Bug 60561 - Notebook P15SM: Regression of "ACPI: Rework acpi_get_child() to be more efficient"
Notebook P15SM: Regression of "ACPI: Rework acpi_get_child() to be more effic...
Status: CLOSED CODE_FIX
Product: ACPI
Classification: Unclassified
Component: Power-Video
All Linux
: P1 normal
Assigned To: Lan Tianyu
:
Depends on:
Blocks:
  Show dependency treegraph
 
Reported: 2013-07-16 12:40 UTC by Peter Wu
Modified: 2013-08-10 09:14 UTC (History)
6 users (show)

See Also:
Kernel Version: 3.8.5, all versions with 33f767d7
Tree: Mainline
Regression: Yes


Attachments
acpidump for Notebook P15SM (359.65 KB, text/plain)
2013-07-16 12:40 UTC, Peter Wu
Details
debug.patch (516 bytes, patch)
2013-07-17 02:06 UTC, Lan Tianyu
Details | Diff
debug.patch (597 bytes, patch)
2013-07-17 13:43 UTC, Lan Tianyu
Details | Diff
ACPI / glue: Try to resolve _ADR collisions for bridges (4.80 KB, patch)
2013-07-27 22:06 UTC, Rafael J. Wysocki
Details | Diff
pci_is_bridge.patch (826 bytes, patch)
2013-08-06 08:52 UTC, Lan Tianyu
Details | Diff
ACPI / glue: Try to resolve _ADR collisions for bridges (v2) (5.09 KB, patch)
2013-08-06 14:39 UTC, Rafael J. Wysocki
Details | Diff

Description Peter Wu 2013-07-16 12:40:59 UTC
Created attachment 106894 [details]
acpidump for Notebook P15SM

Bug https://bugzilla.kernel.org/show_bug.cgi?id=42696 fixes incorrect enumeration of an ACPI handle for a PCI device:

    commit 33f767d767e9a684e9cd60704d4c049a2014c8d5
    Author: Rafael J. Wysocki <rafael.j.wysocki@intel.com>
    Date:   Thu Jan 10 13:13:49 2013 +0100

        ACPI: Rework acpi_get_child() to be more efficient

This resulted in breakage on another machine as reported here[1]. The video card can again not be found. This seems to be caused by a Device which does not have anything useful as shown in [2]. When the above commit is reverted (on top of 3.9.9 and 3.10.0), the bug is gone for these users.

Details from DMI:
system-manufacturer   : Notebook                        
system-product-name   : P15SM                           
system-version        : Not Applicable                  
baseboard-manufacturer: Notebook                        
baseboard-product-name: P15SM                           
baseboard-version     : Not Applicable                  
bios-vendor           : American Megatrends Inc.
bios-version          : 4.6.5
bios-release-date     : 04/09/2013

For some debugging attempts, see [1]. The bug occurs because the wrong ACPI handle is attached to the PCIe Root Port. The correct handle is \_SB.PCI0.PEG0 (which has a child PEGP video device), but after the above commit it becomes \_SB.PCI0.P0P2 (which has no children).

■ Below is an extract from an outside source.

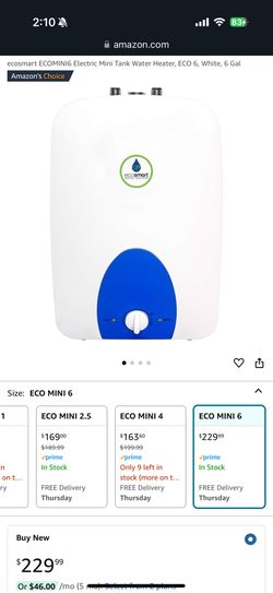 ecosmart ECOMINI6 Electric Mini Tank Water Heater$150San Lorenzo, CA

I thought that the commit in 3.11 that tests _STA would solve this issue (as the P0P2 device does not have such a method), but the results were negative. The commit they tried to apply (without revert) was:

    commit c7d9ca90aa9497f0b6e301ec67c52dd4b57a7852
    Author: Jeff Wu <zlinuxkernel@gmail.com>
    Date:   Wed May 29 06:31:30 2013 +0000

        ACPI: add _STA evaluation at do_acpi_find_child()

 [1]: https://github.com/Bumblebee-Project/bbswitch/issues/65
 [2]: https://github.com/Bumblebee-Project/bbswitch/issues/65#issuecomment-20824596
Comment 1 Lan Tianyu 2013-07-17 02:05:02 UTC
Check the dsdt and ssdt5 table, both \_SB.PCI0.PEG0 and \_SB.PCI0.P0P2 have same addr(0x00010000) but they don't have _STA method.

Before commit 33f767, acpi_get_child() returned the last one when there were devices with the same _ADR. After the commit, it returned the first one.
This  may explain that the handle became \_SB.PCI0.P0P2 from \_SB.PCI0.PEG0.

commit c7d9ca should resolve the problem since it will return the last one if all devices don't have _STA(Here is the case.).

I notice commit 33f767 changed do_acpi_find_child() as post_order_visit callback 
for acpi_walk_namespace() from pre_order_visit. This may be the cause. I will produce a debug.patch. Please have a try.

Device (P0P2)
{
     Name (_ADR, 0x00010000)  // _ADR: Address
     Method (_PRT, 0, NotSerialized)  // _PRT: PCI Routing Table
     {
          If (PICM)
          {
               Return (AR02 ())
          }

          Return (PR02 ())
     }
}



Scope (\_SB.PCI0)
{
        Name (LTRS, Zero)
        Name (OBFS, Zero)
        Device (PEG0)
        {
            Name (_ADR, 0x00010000)  // _ADR: Address
            OperationRegion (PEGR, PCI_Config, 0xC0, 0x30)
            Field (PEGR, DWordAcc, NoLock, Preserve)
            {
                Offset (0x02),
                PSTS,   1,
                Offset (0x2C),
                GENG,   1,
                    ,   1,
                PMEG,   1
            }
...
Comment 2 Lan Tianyu 2013-07-17 02:06:29 UTC
Created attachment 106899 [details]
debug.patch
Comment 3 Peter Wu 2013-07-17 08:46:30 UTC
I assumed that PEG0 had a _STA method since it was missing at P0P2, but that apparantly does not hold. Also, after c7d9ca9, it should ignore disabled devices (as reported through _STA). That should fix bug 42696 too without regressing on others (such as this machine).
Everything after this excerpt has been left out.